The count model can be written as:

\[Y_{cbr/n} \sim \text{negative binomial} (\text{exp}({ -11.62922 -0.46504 \alpha_h -0.93666 \alpha_w -1.77445 \beta_b -0.00896\eta_{h,b} + 0.55340\eta_{w,b} }))\]

These coefficient estimations to not stray far from those seen in the zero-inflated negative binomial model.

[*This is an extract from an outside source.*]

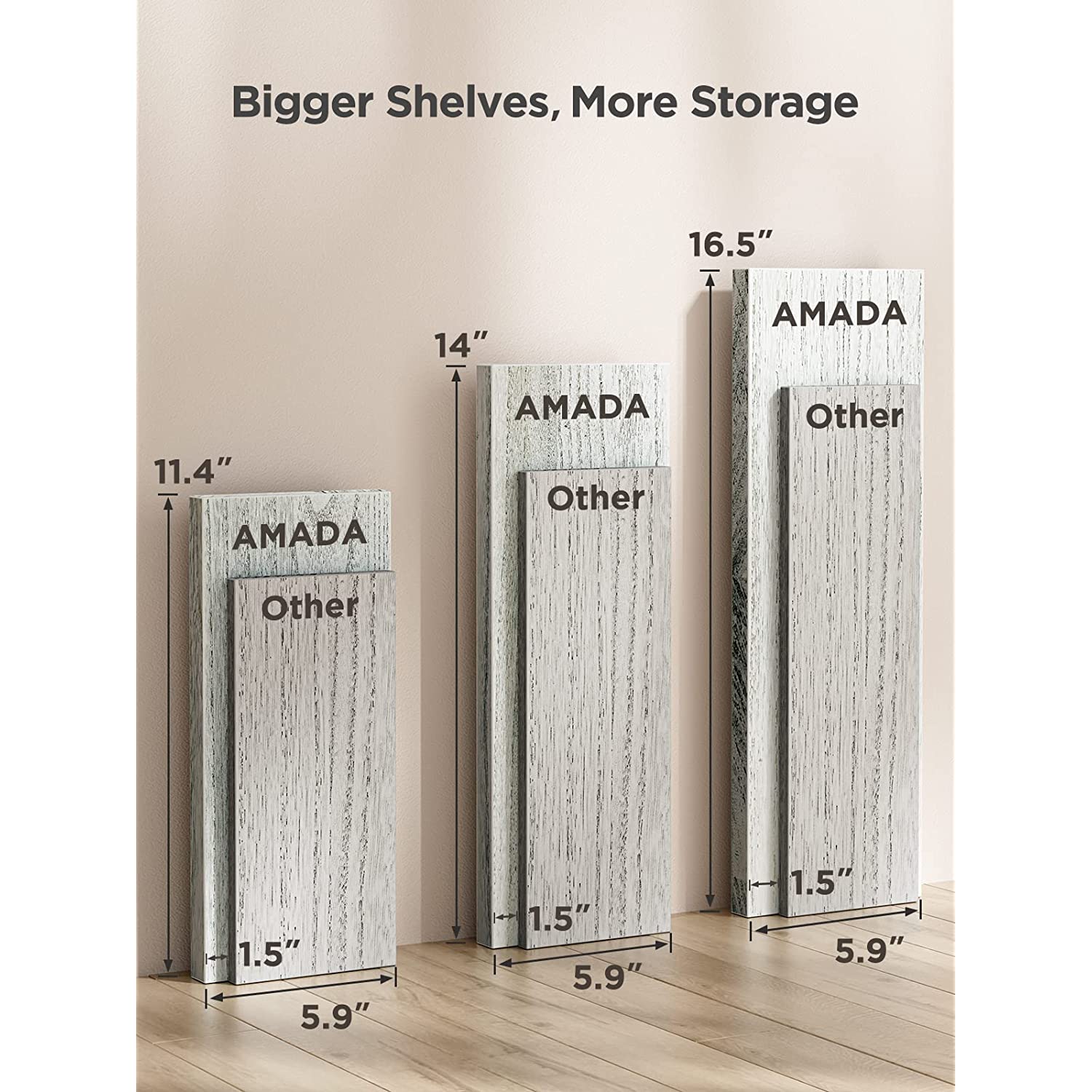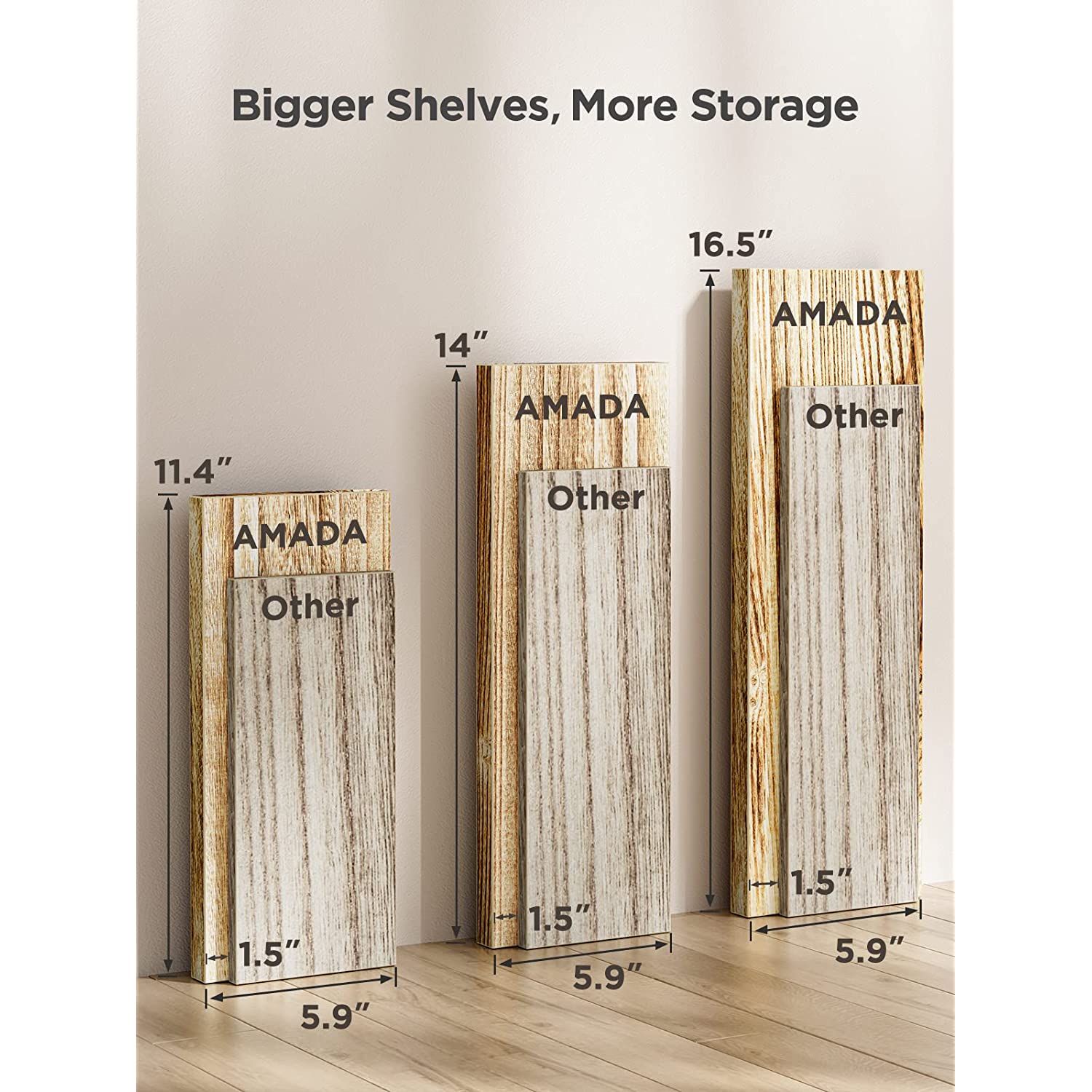 - Size Does Matter: With a size of 16.4 inches, these wall shelves are wider and longer than regular shelves on the market, providing more room and worry-free storage! Large: 16.4 × 5.9 × 0.7 inches; Medium: 14 × 5.9 × 0.7 inches; Small: 11.4 × 5.9 × 0.7 inches. Easy to install within a few minutes with all necessary hardware included.

Term Estimate Exp(estimate)*10^6
Black and no cam -11.62922 8.902130
Black and cam -13.40367 1.509594
White and no cam -12.56588 3.489054
White and cam -13.78693 1.028993
Hispanic and no cam -12.09426 5.591517
Hispanic and cam -13.87767 0.939733

The predicted chances of being black and shot without a camera far exceed any other race/camera combination. The descending order of predicted shot rates is:

  • Black and no cam
  • Hispanic and no cam
  • White and no camera
  • Black and camera
  • White and camera
  • Hispanic and camera.

The predicted shooting rates closely align with those seen in the zero-inflated Poisson regression, excepting the last two groups. In the zero-inflated Poisson model, the group predicted to host the smallest rate of shootings are Whites shot by an officer wearing a camera. With the negative binomial specification, the group predicted to have the smallest rate of shootings withing a county are Hispanics shot by an officer wearing a camera. The interaction term between race and camera status is insignificant, however, so these predictions should be taken with caution.

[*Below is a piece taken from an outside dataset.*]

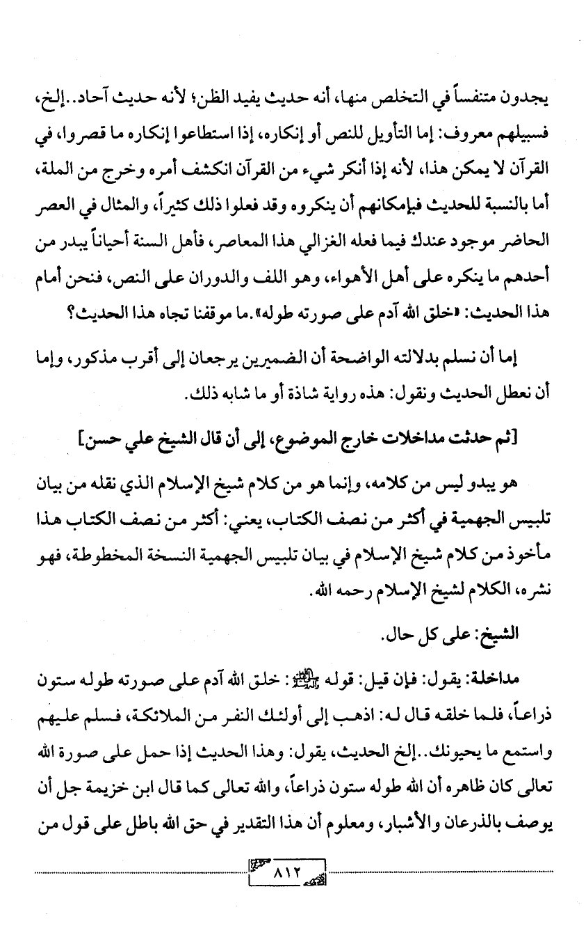يجدون متنفساً في التخلص منها، أنه حديث يفيد الظن؛ لأنه حديث آحاد .. إلخ، فسبيلهم معروف: إما التأويل للنص أو إنكاره، إذا استطاعوا إنكاره ما قصروا، في القرآن لا يمكن هذا، لأنه إذا أنكر شيء من القرآن انكشف أمره وخرج من الملة، أما بالنسبة للحديث فبإمكانهم أن ينكروه وقد فعلوا ذلك كثيراً، والمثال في العصر الحاضر موجود عندك فيما فعله الغزالي هذا المعاصر، فأهل السنة أحياناً يبدر من أحدهم ما ينكره على أهل الأهواء، وهو اللف والدوران على النص، فنحن أمام هذا الحديث: «خلق الله آدم على صورته طوله».ما موقفنا تجاه هذا الحديث؟
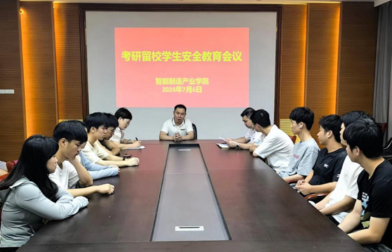 为进一步确保暑期留校考研学生的学习、生活安全平稳有序。202476日,智能制造产业学院在仙女湖校区A103会议室召开考研留校学生安全教育会议,会议由院长史洪松主持,党总支书记范向红、副院长彭秋梅以及全体考研留校学生参加会议。

At this stage, a random effect is not implemented to account for multiple observations of the same county in these data. This is an important component that must be addressed for increased reliability of predictions.

We can formally compare the zero-inflated negative binomial model to a basic negative binomial to test if the added complexity of the zero-inflated part significantly improves estimations. The negative binomial is estimated below, using the “glm.nb” function from the MASS package.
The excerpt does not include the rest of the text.